Reti di consulenza: una nuova era è alle porte

6 dicembre 2018, di Redazione Wall Street Italia

di Benedetta Gandolfi

Consulentia Napoli, una tavola rotonda

Per fare fronte alle attese di una pressione sui margini i consulenti devono lavorare sui servizi a maggiore valore aggiunto in ottica di wealth management. Ora o mai più

Sul mondo della consulenza finanziaria e del risparmio gestito il sole non brilla più come una volta. L’arrivo delle rendicontazioni, espresse in euro, nel prossimo mese di gennaio a un anno dall’entrata in vigore della normativa Mifid 2, metterà in ulteriore affanno l’industria della consulenza e del risparmio gestito che, da un pò di tempo a questa parte, sta vivendo una pressione sui margini, complici i mercati altalenanti e la maggiore trasparenza introdotta dalla nuova direttiva.

Una riduzione del giro d’affari, quindi, è dietro l’angolo.

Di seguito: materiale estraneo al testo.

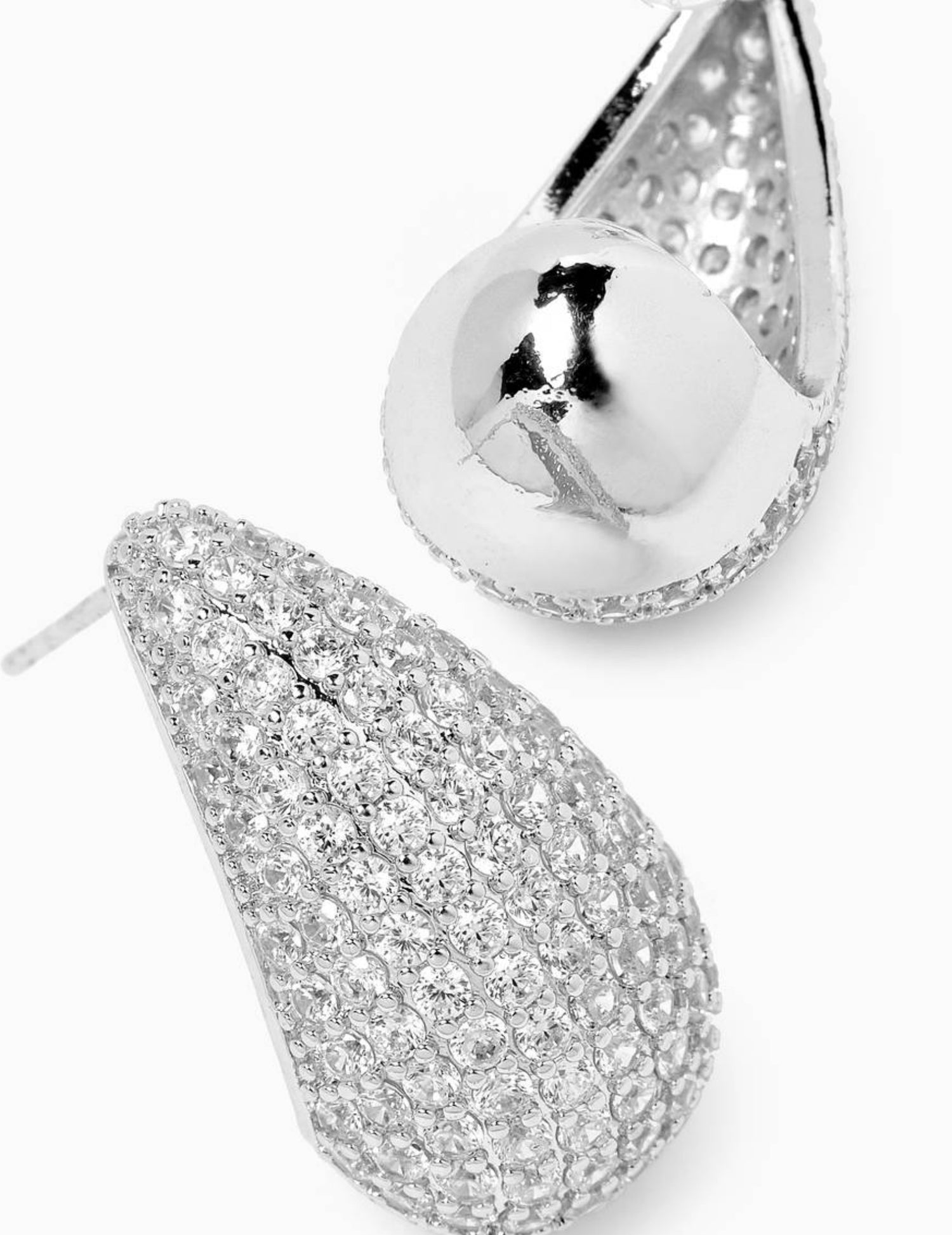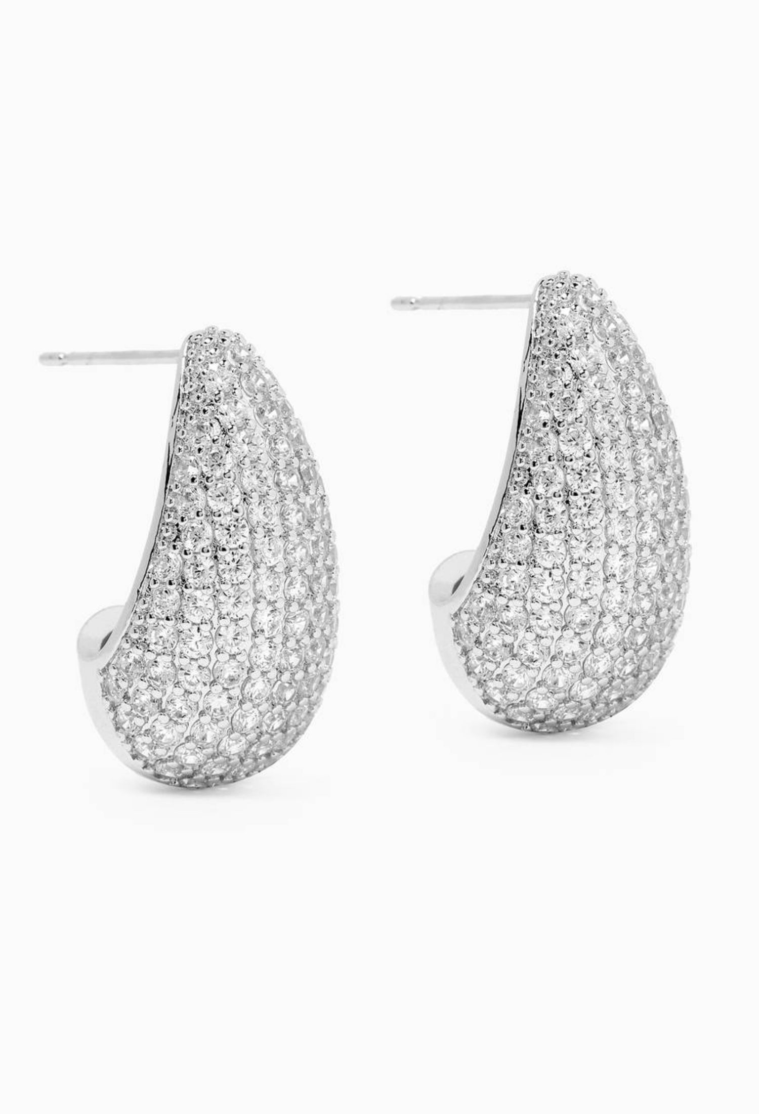 Teardrop-shaped silver earrings encrusted with rows of sparkling crystals

Per il 2019 è previsto un impatto negativo della Mifid 2 sul pricing medio dell’industria delle reti che porterà, si stima, un calo dei ricavi tra i 300 e i 600 milioni di euro, a volumi attuali. Il dato emerge da un’indagine condotta da McKinsey dal titolo ‘Mifid 2 nell’industria delle reti 10 mesi dopo’ presentata durante l’evento di Consulentia che si è tenuto a Napoli.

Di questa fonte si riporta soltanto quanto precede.